Do you have any statistical evidence that equating does not represent the full spectrum fairly?

Undoubtedly, a big time screw up by CB. Dropping questions (‘unscoreable’) has to impact equating, perhaps at all levels, but noticeably more at the high end? Probably why they have offered a retake at no charge. (I think I read that online.)

Fortunately, such screw ups have been rare, i.e, once every xx years. Sure, June sux…

“Do you have any statistical evidence that equating does not represent the full spectrum fairly?”

Not at all. In fact, the technical manual stresses the importance of accuracy along the entire curve so they seem to prioritize a method that better supports that. They definitely pay attention to the top portion; in particular, two things “avoided” in that region are score gaps and the conversion of more than two raw scores into the same scaled score. So to the extent that these seem to exist on the raw score distribution, they are probably “smoothed” out of the scaled curve (they do prioritize smoothing when the solution appears otherwise). None of that implies any “non-fair” treatment of any particular part of the curve, though it’s likely that the ends get a bit more massaging than does the middle.

The technical manual covers this detail on pages 82 - 90 (Section 6: Equating).

“Undoubtedly, a big time screw up by CB. Dropping questions (‘unscoreable’) has to impact equating, perhaps at all levels, but noticeably more at the high end?”

-Have no idea how dropping questions impacts equating - that issue definitely beyond my pay grade LOL.

Am I too late in asking if CB will rescore June SAT?

They won’t IMO. The best you can hope for is a free October test.

Above my pay grade, too! But, to my way of (simplistic?) thinking: if the two unscored items happened to both be difficult problems, and they likely were, since this was an ‘easier’ test, not only does CB have a problem differentiating the high tail, but that also should mean that the remaining difficult questions take on a higher ‘equating’ value.

@acadecathlete my DD got 2 wrong on reading and 2 wrong in writing on the June SAT — just one less than you. Her verbal score was 770 and yours was 720. 50 pts for one question? Seems worse than the Math grading curve.

^^ Maybe another way of saying the same thing as @bluebayou in #169 is that removing two difficult questions would cause a steeper decline in the scaled scoring since a relatively higher percentage of “easier” - and correctly answered - questions remain.

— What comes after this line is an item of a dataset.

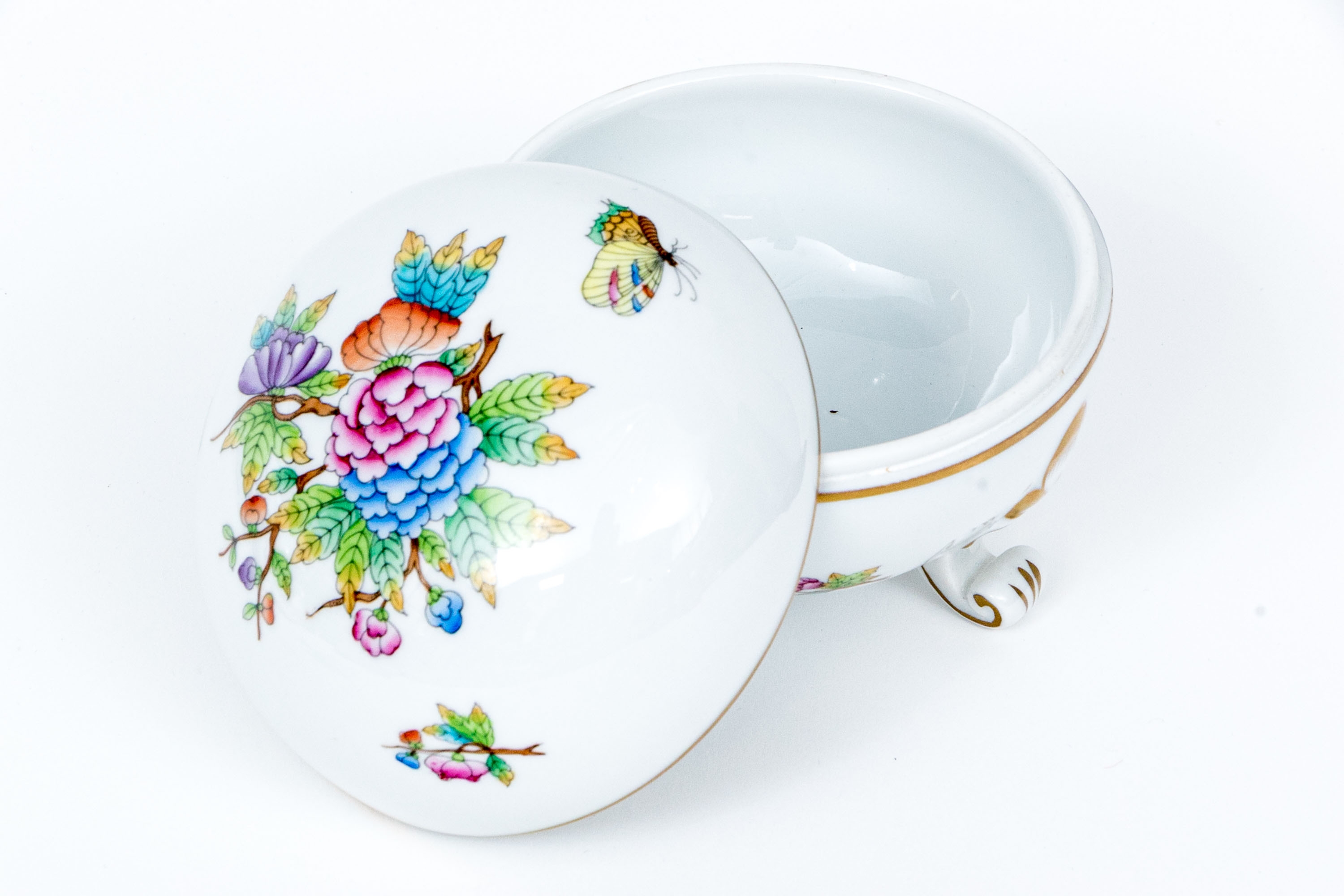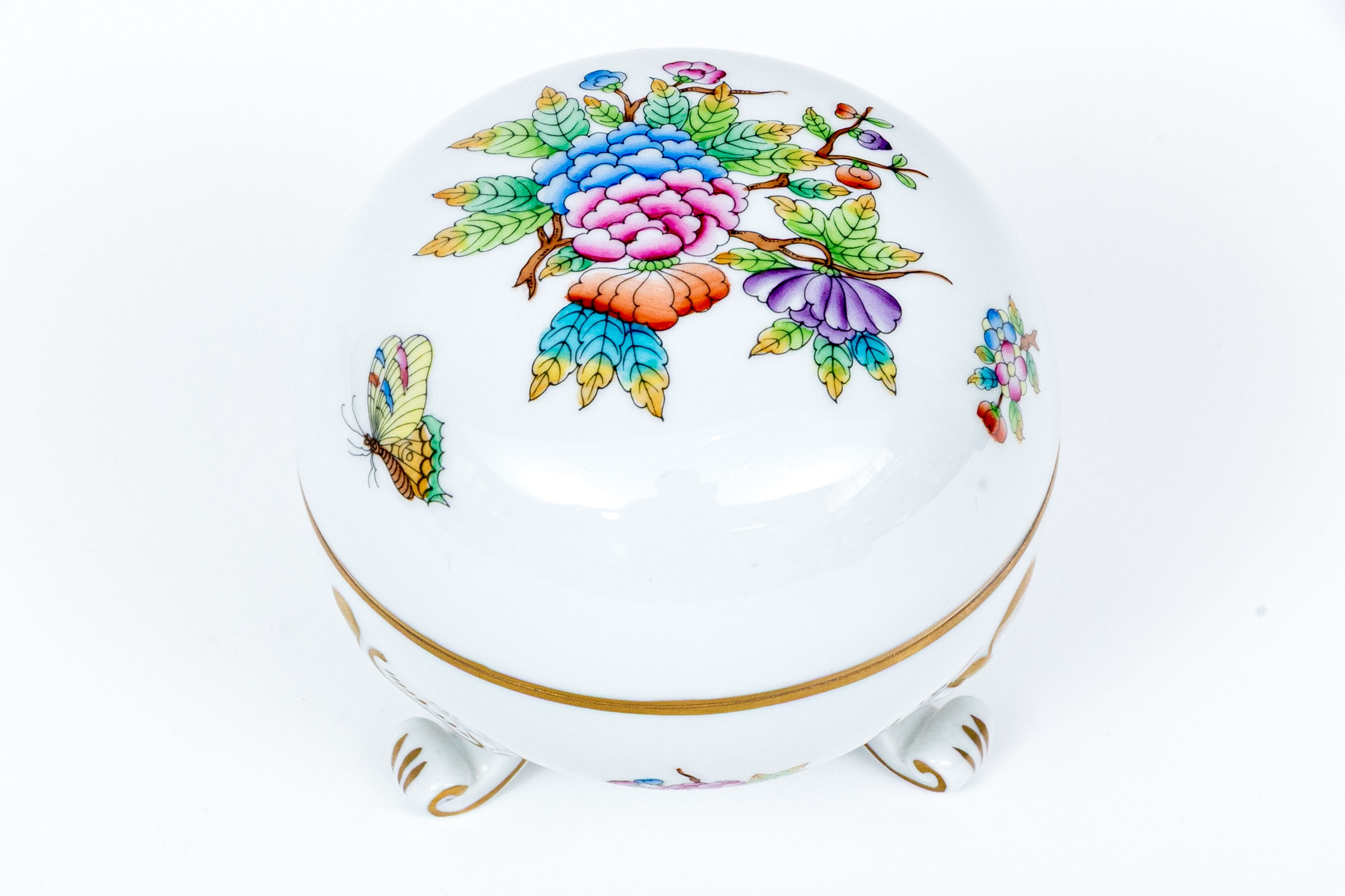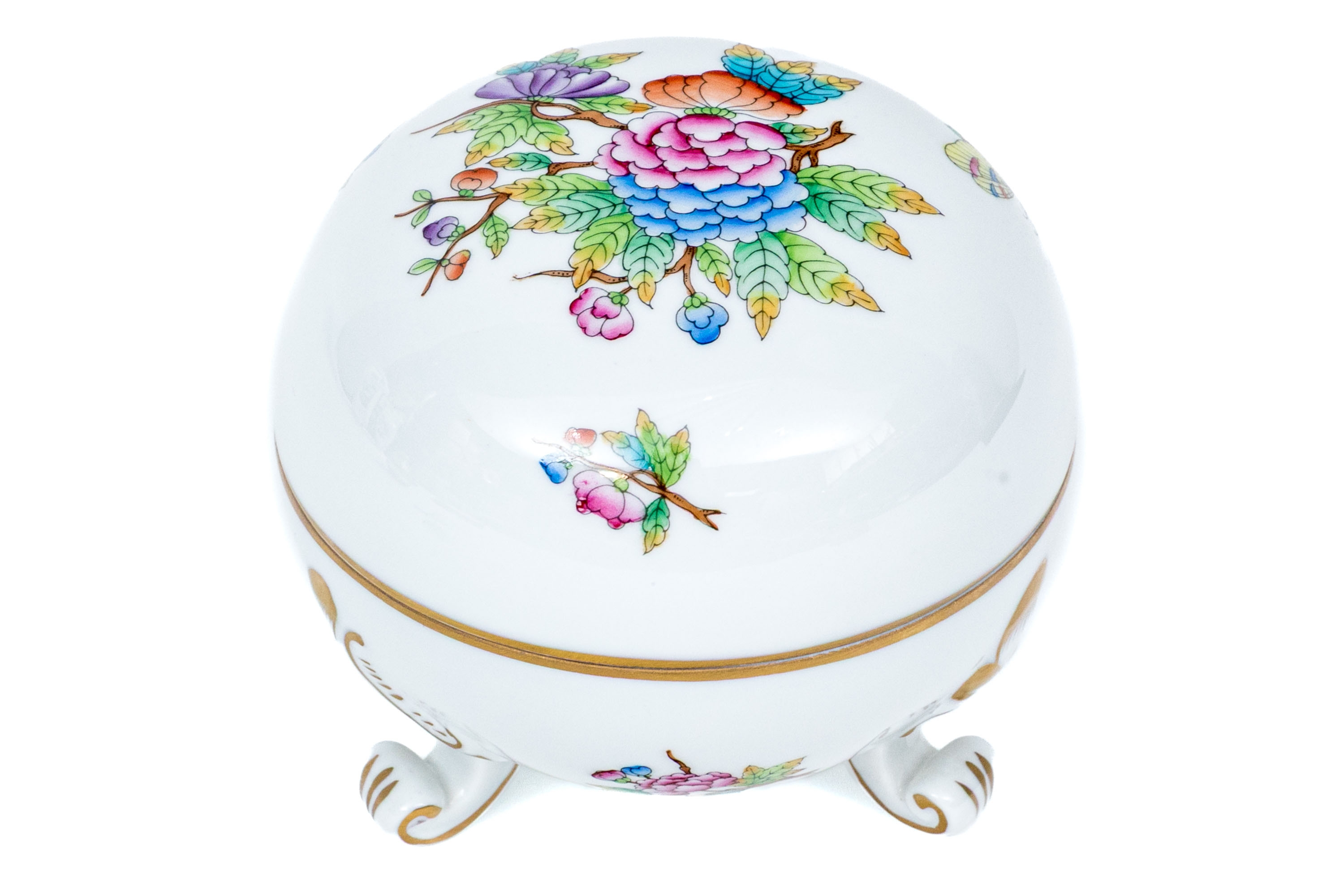Herend Hungary hand-painted porcelain covered box in the Queen Victoria (VBO) pattern, richly decorated with multicolor florals, butterflies, and fine 24K gold accents. Resting gracefully on three scrolled gilt feet. The top displays a lush central bouquet of peonies, roses, and foliage in vibrant shades of pink, lavender, orange, blue, and green, surrounded by delicately painted butterflies in bright pastel tones. The lower body features complementary floral sprays and gilt flourishes, highlighted with hand-applied gold detailing throughout the rim and scrollwork feet. The interior is finished in a smooth, glossy white glaze, while the underside bears the blue Herend Hungary shield mark, HANDPAINTED, along with the pattern number 6181/V.

In that case a dumb mistake or two can really hose you.

Is there a way to know exactly which questions were removed? Did someone earlier post that any score verfication or validation won’t be offered for the June test?

@Winter2018 at #170 - and weren’t two questions also omitted for EBRW? (can’t remember if that was in the reading or writing section or both . . . ).

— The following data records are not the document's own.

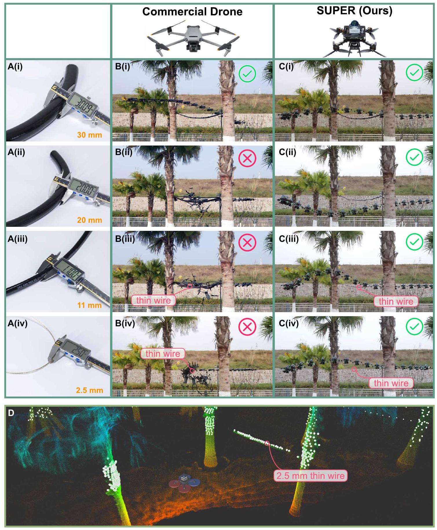 图5. 细小物体规避演示。(A) (i 至 iv) 实验中使用的四根不同直径细线。(B) (i 至 iv) DJI Mavic 3飞行的延时照片。其成功避开直径为30毫米的细线,但未能避开更细细线。碰撞导致细线摆动,延时照片中出现伪影,尽管每次实验仅有一根细线。(C) (i 至 iv) SUPER飞行的延时照片,成功避开所有四种细线。(D) SUPER面对2.5毫米细线时的点云视图。细线在当前扫描测量(白点)中可见,累积点云(彩色点)中更为明显。
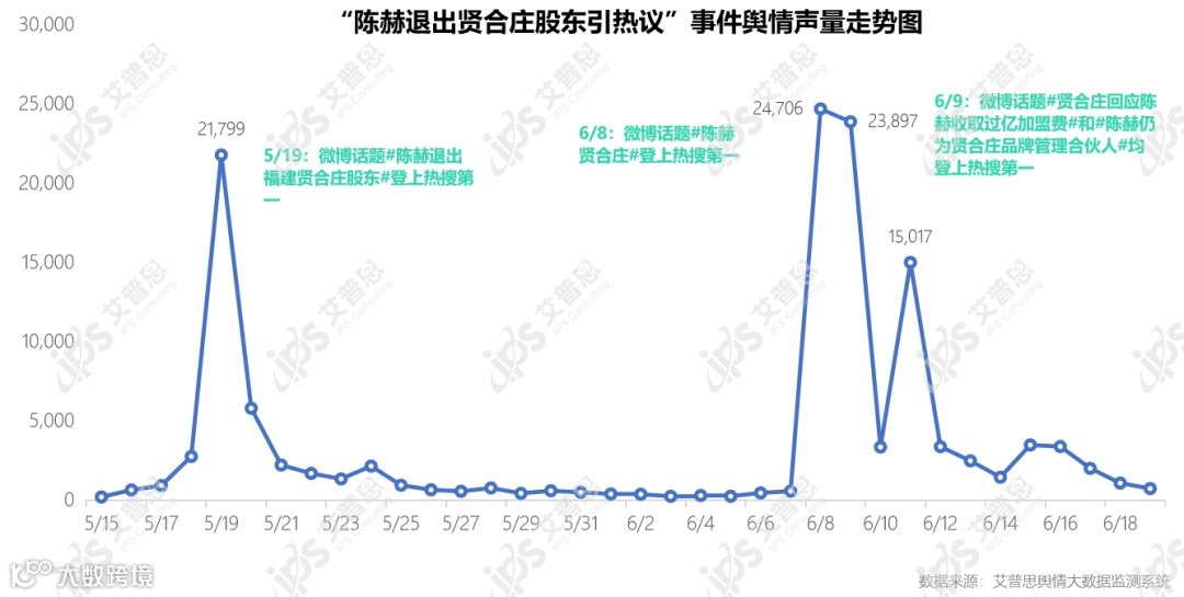 艾普思舆情大数据监测系统显示,“陈赫退出贤合庄股东引热议”事件舆情声量为131,410篇次,声量峰值出现在6月8日-6月9日(声量共计48,603篇次),自6月18日起,事件关注度开始下降。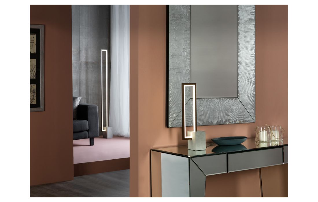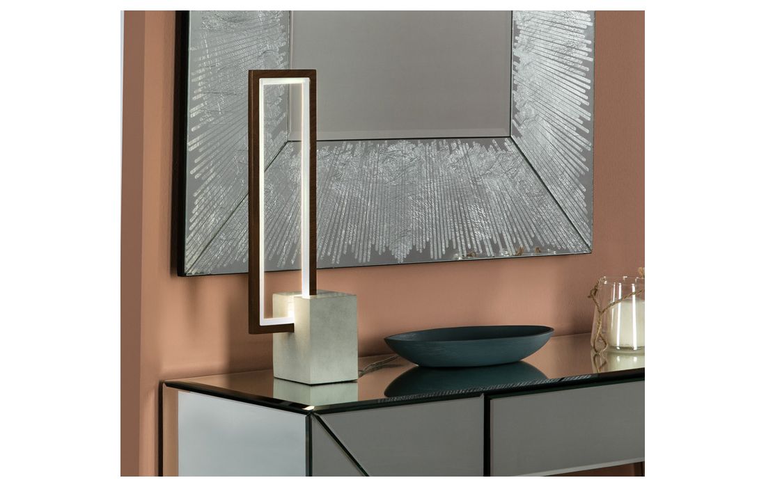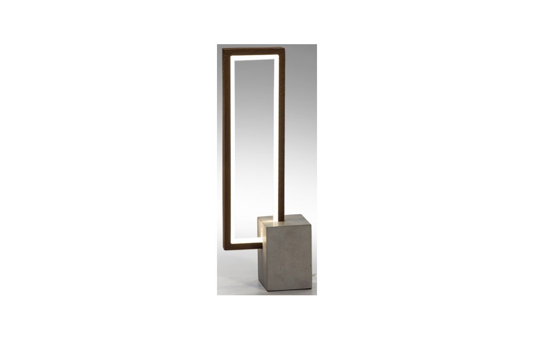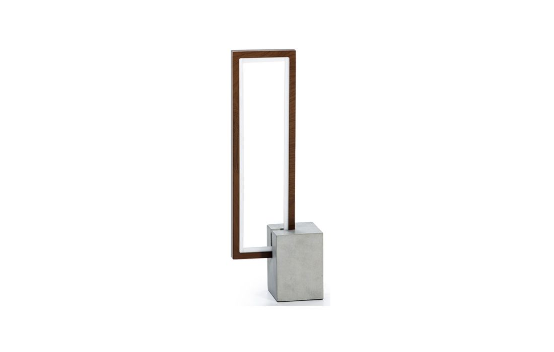 LED table lamp in acrylic, aluminum and metal. Finishing for the frame to imitate dark wood and base with imitation cement.

Is there a connection between a higher-than-usual number of omitted questions and the harshness of the curve?

^My understanding is that two were omitted in each of reading and writing, but nothing from math.

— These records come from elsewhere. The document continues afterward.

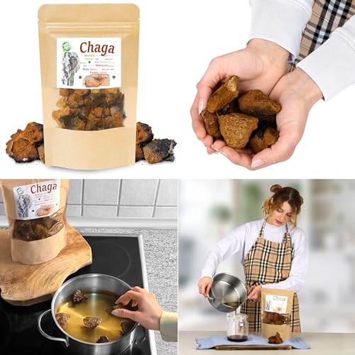 CHAGA PILZ BROCKEN 3-5CM aus 100% reinstem, getrocknetem Chaga Pilz für Original Chaga Tee – Echtes Naturprodukt aus nachhaltiger Nordischer Wildsammlung – 3-5cm große Chaga Stücke Frisch & direkt aus dem Wald geerntet und schonend getrocknet – Laborgeprüft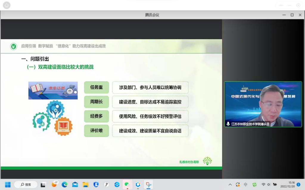 12月20日,全国职业高等院校校长联席会议在线上召开2022年年会。学院院长潘永圣应邀作“应用引领数字赋能信息化助力双高建设出成效”交流发言。
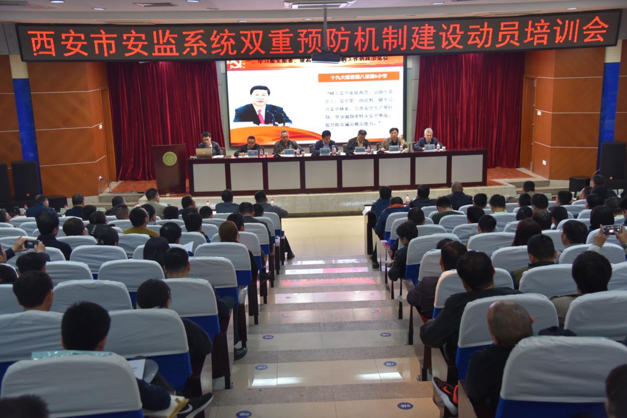 3月15日下午,由十大外围足球平台app承办的“西安市安监系统双重预防机制建设动员培训会”在临潼校区图书馆报告厅召开。西安市安监局领导及相关业务处室负责同志,各区县、开发区安监局主管领导和业务科长,市安监局双重预防机制建设项目的50家重点企业主要负责人、项目负责人及7家中标服务机构相关人员共200余人参加了会议。市安监局局长黄会强、市安监局副巡视员赵华德,十大外围足球平台app副董事长李树刚、委书记杜勇、常务副经理邓军出席会议。会议由市安监局副局长王利民主持。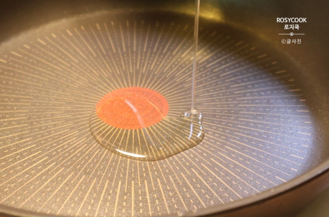 8. 식용유를 둘러준 후, 팬을 예열해 줍니다.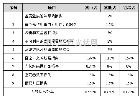 综上所述,采用不同型式逆变器,造成的PR值差异如下表。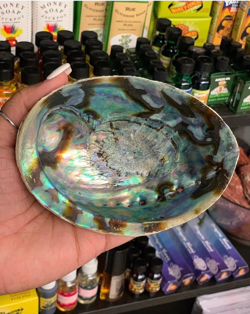 Abalone shells are often used as tools to perform smudging rituals. ... Abalone shells are also a gift from the sea and, thus, symbolically represent the water element while the unlit herbs represent earth, the lit herb represents fire and the smoke represents air.

The QAS (that would include the questions) is not available for June.

I can’t imagine they could rescore it. I haven’t seen anything suggesting a free retake - that would be an admission by CB that there was something wrong with the June test, which I doubt will ever happen.

The question I have goes back to the technical manual and the need for the tests to be as parallel as possible in difficulty in order for equating to be effective. At some point, I imagine differences in difficulty would become too great. It would be interesting if some psychometric expert could explain this to us.

Ultimately, all this controversy does is reinforce quality issues of the College Board under Coleman. It seems to me that writing the New test in-house was a mistake; CB should have left it to ETS.

@JBStillFlying yes 2 were unscorable on reading and 2 on writing. Her report showed 0 omitted, and did not mention unscorable at all, but she said the correct and incorrect did not add up to however many there should be (I think one was 44?) and the difference was 2 in each section.

Your explanation makes sense, but I still feel bad for the kids.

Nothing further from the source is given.